Well, we kinda had to introduce an enabling mechanism to select the profile, once we introduced profiles. If you don’t specify a profile or version or context flags in the attribute list, then something (hopefully) reasonable still happens: you get the core profile of the latest version supported by the driver. There is some redundancy in that a forward-compatible compatibility profile is exactly equivalent to a compatibility profile, since nothing is deprecated from the compatibility profile, but I think the attributes all make sense.

We don’t have any more profiles under discussion, if that’s a concern. Conceivably OpenGL ES and OpenGL could eventually merge back together through the profile mechanism, but that’s a long way into the future if it happens at all.

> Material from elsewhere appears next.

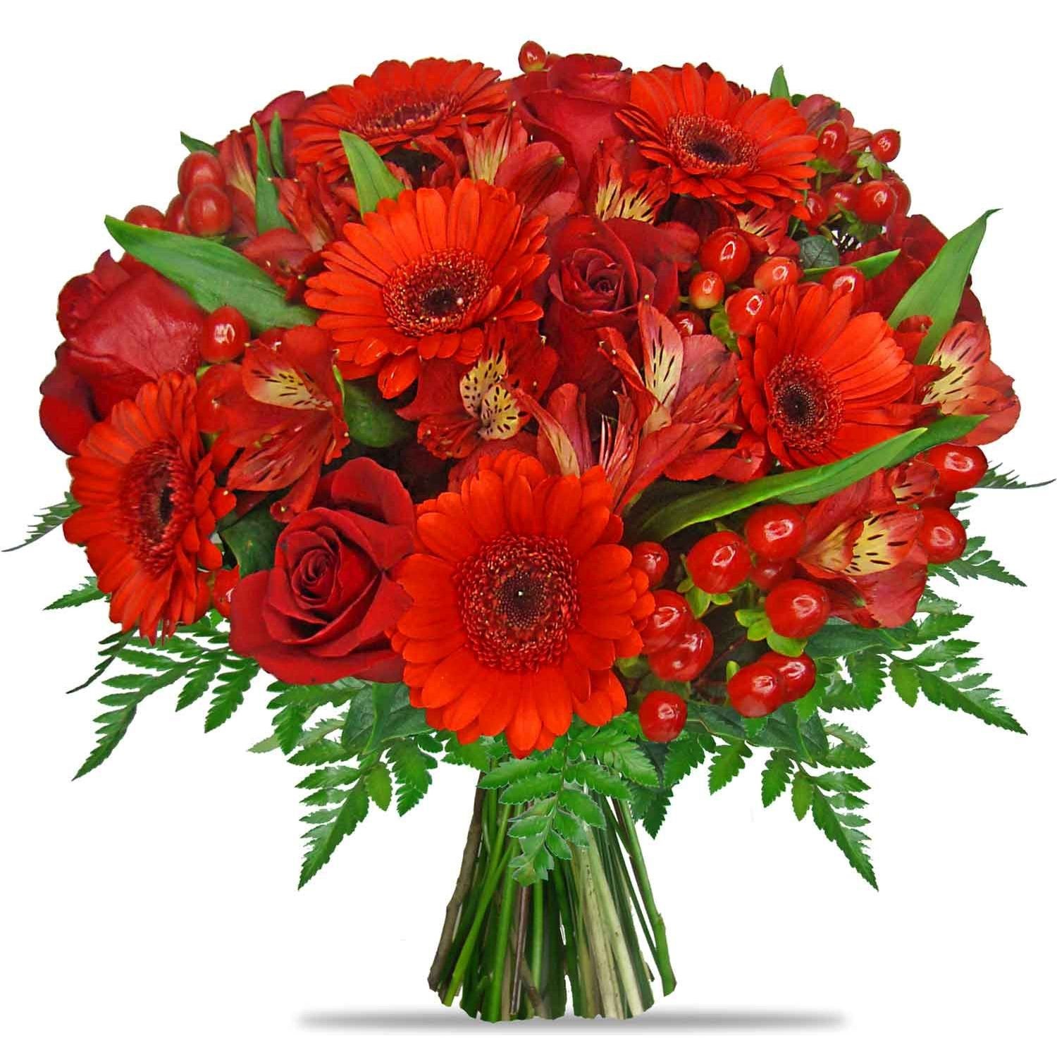 Naše kytice vyniká energickou kombinací žáru červených růží, germinek, alstromerií a bobulek hyperica, které společně vytvářejí harmonický a živý celek. Elegantní tvar doplňuje decentní okrasná zeleň a podtrhuje jedinečný dojem celé vazby. Tato aranžmá je perfektní volbou pro slavnostní příležitosti, poděkování i vyjádření radosti svým blízkým. Rádi doručíme ještě dnes během pracovních dnů a nabízíme možnost volby přesného času doručení podle vašich přání. Všechny květiny vážou naši zkušení floristé s maximální pečlivostí, a samozřejmostí je pro vás potvrzení o doručení e-mailem.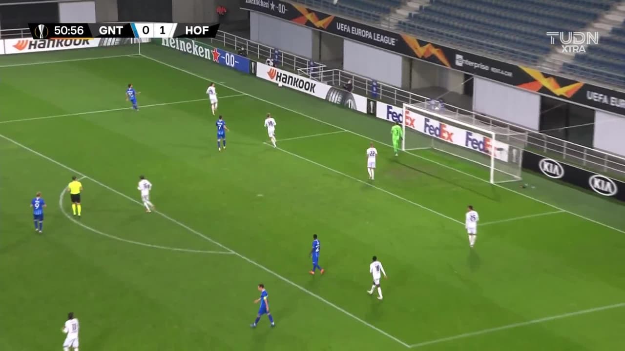 ¡Gol! KAA Gent 0| TSG 1899 Hoffenheim 2. Florian Grillitsch (TSG 1899 Hoffenheim) Disparo con la derecha desde el centro del área disparo rastrero| junto al palo izquierdo. Asistencia de Ihlas Bebou.

To speak somewhat in our own defense, the GL and GLSL specs are huge, complex documents that go through many, many revisions during the process of creating a new version. John and I try to keep the change markings sensible but it’s not going to be a 100% error free process; they’re mostly just a guideline to finding changed stuff, to accompany the new feature summaries. We don’t mark the places where a lot of text is removed with strikethroughs, for example. Our focus is on getting the new spec out on schedule, so some stuff like this is always going to fall through the cracks.

I see the use/reason of having forward compatible and profile selection (i.e. core vs compatibility) separate as they address 2 different issues, but those issues over lap (at this point a great, great deal)… and can you imagine the mess that occurs when trying to teach this stuff to people new to GL? They will scream that one is splitting hairs.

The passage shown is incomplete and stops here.